┌──

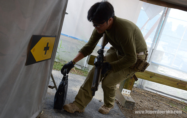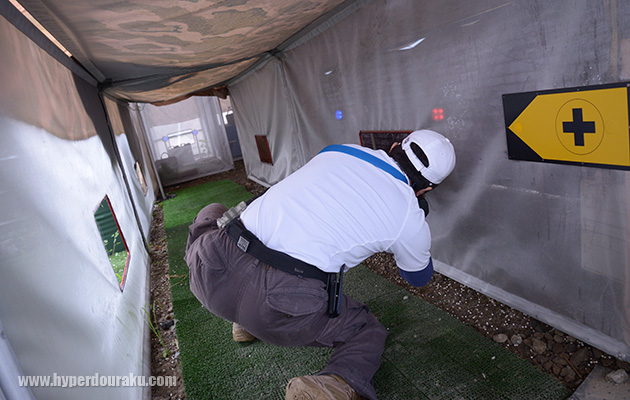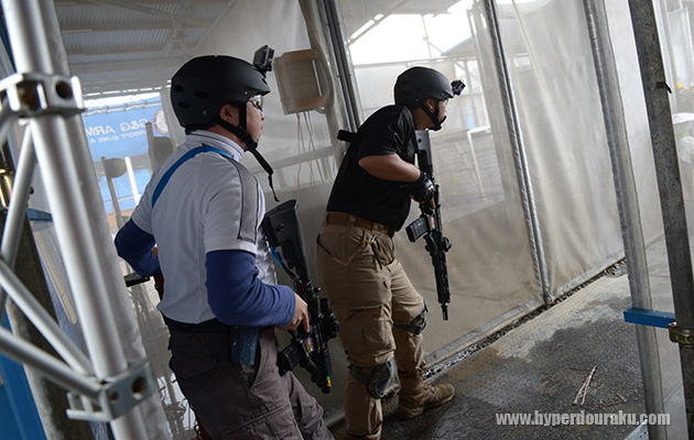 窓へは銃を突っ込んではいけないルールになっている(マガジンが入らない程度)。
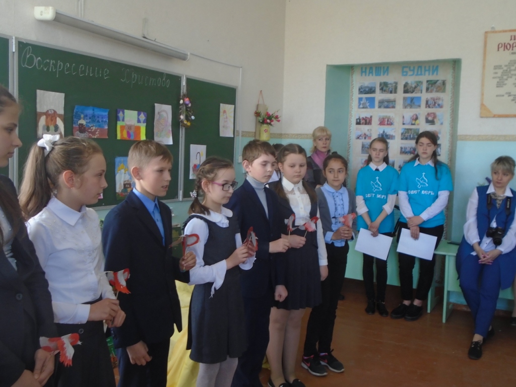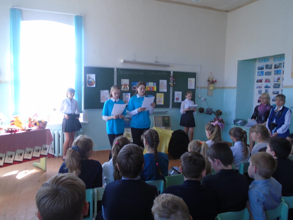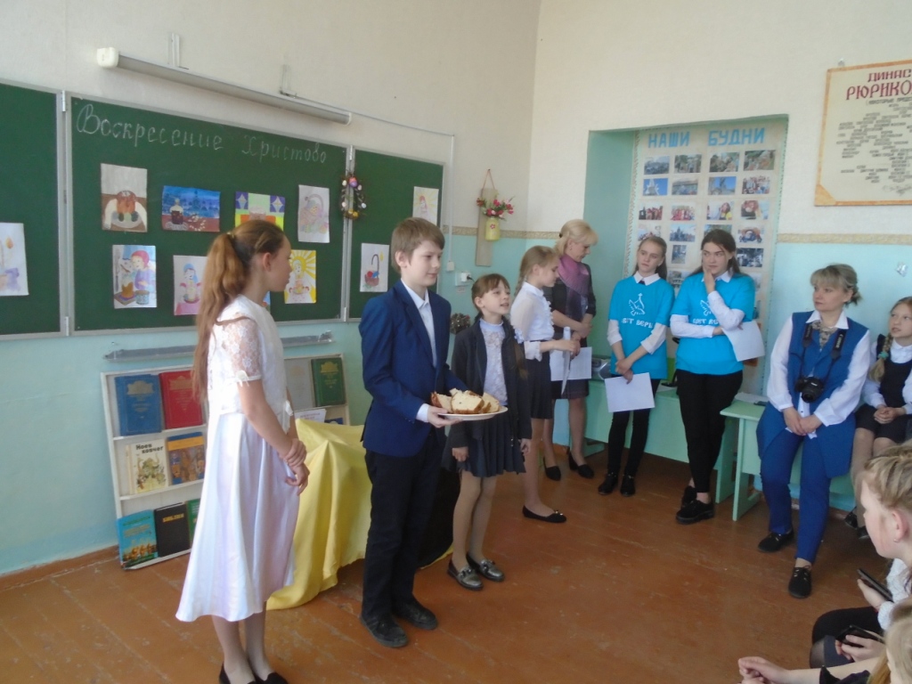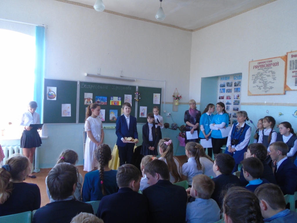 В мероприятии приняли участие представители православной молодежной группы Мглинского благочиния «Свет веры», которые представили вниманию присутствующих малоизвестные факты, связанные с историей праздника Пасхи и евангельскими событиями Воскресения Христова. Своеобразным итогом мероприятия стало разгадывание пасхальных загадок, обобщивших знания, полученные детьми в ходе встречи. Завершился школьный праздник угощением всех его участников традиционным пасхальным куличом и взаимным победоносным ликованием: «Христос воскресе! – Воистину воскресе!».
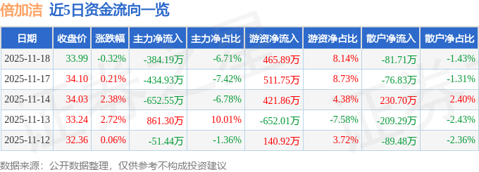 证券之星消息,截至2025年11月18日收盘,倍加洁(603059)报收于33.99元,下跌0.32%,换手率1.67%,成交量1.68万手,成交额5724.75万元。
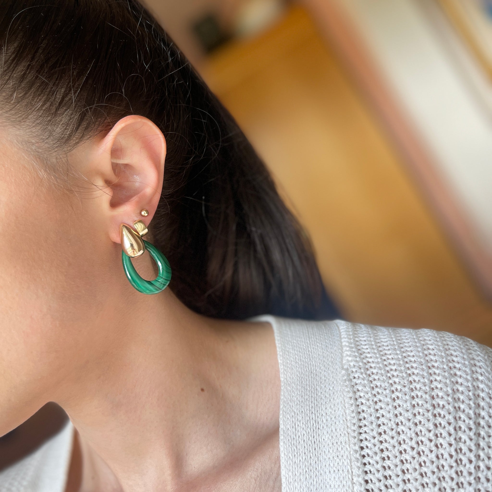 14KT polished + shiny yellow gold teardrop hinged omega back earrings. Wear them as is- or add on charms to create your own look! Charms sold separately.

└──

* _What you are asked to do_
What you give back must match the material above exactly, minus its pictures.

* _Answer to the exercise_
 窓へは銃を突っ込んではいけないルールになっている(マガジンが入らない程度)。
 В мероприятии приняли участие представители православной молодежной группы Мглинского благочиния «Свет веры», которые представили вниманию присутствующих малоизвестные факты, связанные с историей праздника Пасхи и евангельскими событиями Воскресения Христова. Своеобразным итогом мероприятия стало разгадывание пасхальных загадок, обобщивших знания, полученные детьми в ходе встречи. Завершился школьный праздник угощением всех его участников традиционным пасхальным куличом и взаимным победоносным ликованием: «Христос воскресе! – Воистину воскресе!».
 证券之星消息,截至2025年11月18日收盘,倍加洁(603059)报收于33.99元,下跌0.32%,换手率1.67%,成交量1.68万手,成交额5724.75万元。
 14KT polished + shiny yellow gold teardrop hinged omega back earrings. Wear them as is- or add on charms to create your own look! Charms sold separately.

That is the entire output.